Pulmonary and peripheral vascular factors are important determinants of peak exercise oxygen uptake in patients with heart failure

M D Kraemer, S H Kubo, T S Rector, N Brunsvold, A J Bank
Journal of the American College of Cardiology 1993 March 1, 21 (3): 641-8

OBJECTIVES: This study was conducted to determine the relations among exercise capacity and pulmonary, peripheral vascular, cardiac and neurohormonal factors in patients with chronic heart failure.

BACKGROUND: The mechanisms of exercise intolerance in heart failure have not been fully clarified. Previous studies have indicated that peripheral factors such as regional blood flow may be more closely associated with exercise capacity than cardiac function, whereas the role of pulmonary function has received less attention.

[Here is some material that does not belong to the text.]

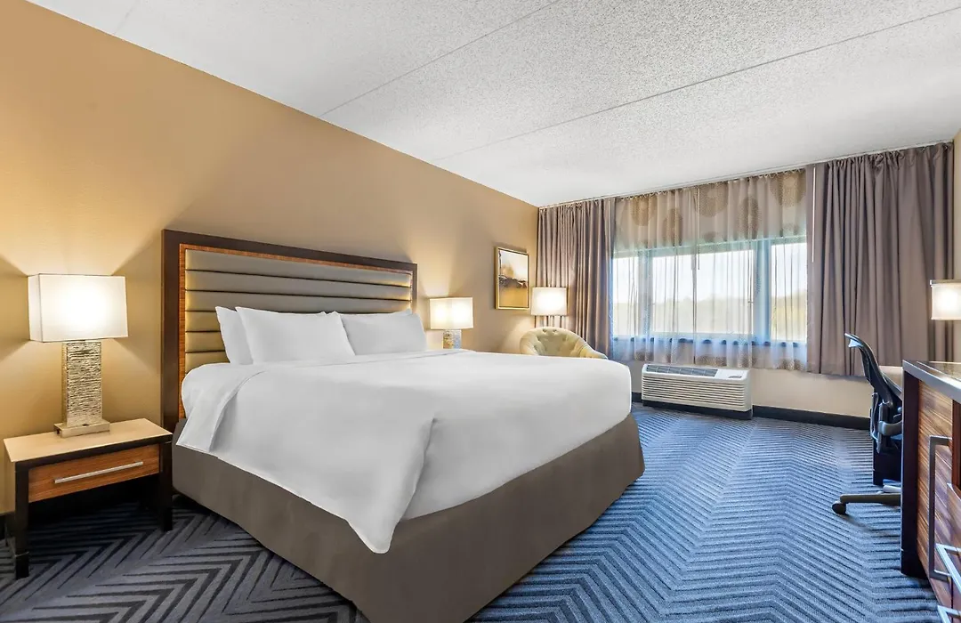 Each room at the Crowne Plaza features amenities such as a flat-screen cable TV, refrigerator, and soundproof walls. The spacious rooms also include a generous workspace and spa-inspired bathrooms. Guests can find 24-hour room service and a hot and cold breakfast buffet at the Forrestal Grille.

METHODS: Fifty patients with stable heart failure underwent a comprehensive assessment that included a symptom-limited maximal cardiopulmonary exercise test, right heart catheterization, pulmonary function tests, neurohormonal levels, radionuclide ventriculography and forearm blood flow at rest and after 5 min of brachial artery occlusion. Univariate and stepwise linear regression analyses were used to relate peak exercise oxygen uptake to indexes of cardiac, peripheral vascular, pulmonary and neurohormonal factors both alone and in combination.

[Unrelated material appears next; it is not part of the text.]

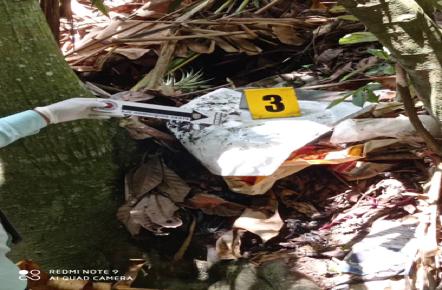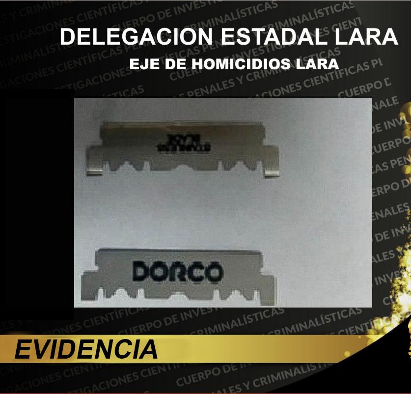 Se conoció que la hojilla que usaron como uno de los medios de comisión la habían tirado al salir de la vivienda, pero el terreno eran muy amplio, sin embargo treinta funcionarios, luego de varias horas de búsqueda, dieron con dos láminas de metal de aspecto plateado, que unidas forman lo que comúnmente se denomina hojilla, se realizó la inspección técnica del sitio del hallazgo y se colectó la evidencia para ser remitida al laboratorio criminalístico correspondiente.

RESULTS: The mean ejection fraction was 19% and peak oxygen uptake was 16.5 ml/min per kg in this group of patients. By univariate analysis, there were no significant correlations between peak oxygen uptake and rest cardiac output, pulmonary wedge pressure, ejection fraction and pulmonary or systemic vascular resistance. In contrast, even in the absence of arterial desaturation during exercise, the forced expiratory volume in 1 s (r = 0.55, p < 0.001), forced vital capacity (r = 0.46, p < 0.01) and diffusing capacity for carbon monoxide (r = 0.47, p < 0.01) were all significantly associated with peak oxygen uptake. Peak postocclusion forearm blood flow (r = 0.45, p < 0.01), the corresponding minimal forearm vascular resistance (r = -0.56; p < 0.01) and plasma norepinephrine level at rest (r = -0.45; p < 0.01) were also significantly correlated with peak oxygen uptake. By multivariate analysis, minimal forearm vascular resistance and forced expiratory volume in 1 s were shown to be independently related to peak oxygen uptake, with a combined R value of 0.71. Other two-variate models included forced expiratory volume and plasma norepinephrine (R = 0.67) and forced expiratory volume and diffusing capacity (R = 0.65). Because forced vital capacity was highly correlated with forced expiratory volume in 1 s, it could be combined with the same variables to yield similar R values. Addition of any third variable did not improve these correlations.

CONCLUSIONS: In comparison with rest indexes of cardiac performance, measures of pulmonary function and peripheral vasodilator capacity were more closely associated with peak exercise oxygen uptake in patients with heart failure. Furthermore, the associations were independent of each other and together accounted for 50% of the variance in peak oxygen uptake. These data suggest that pulmonary and peripheral vascular adaptations may be important determinants of exercise intolerance in heart failure.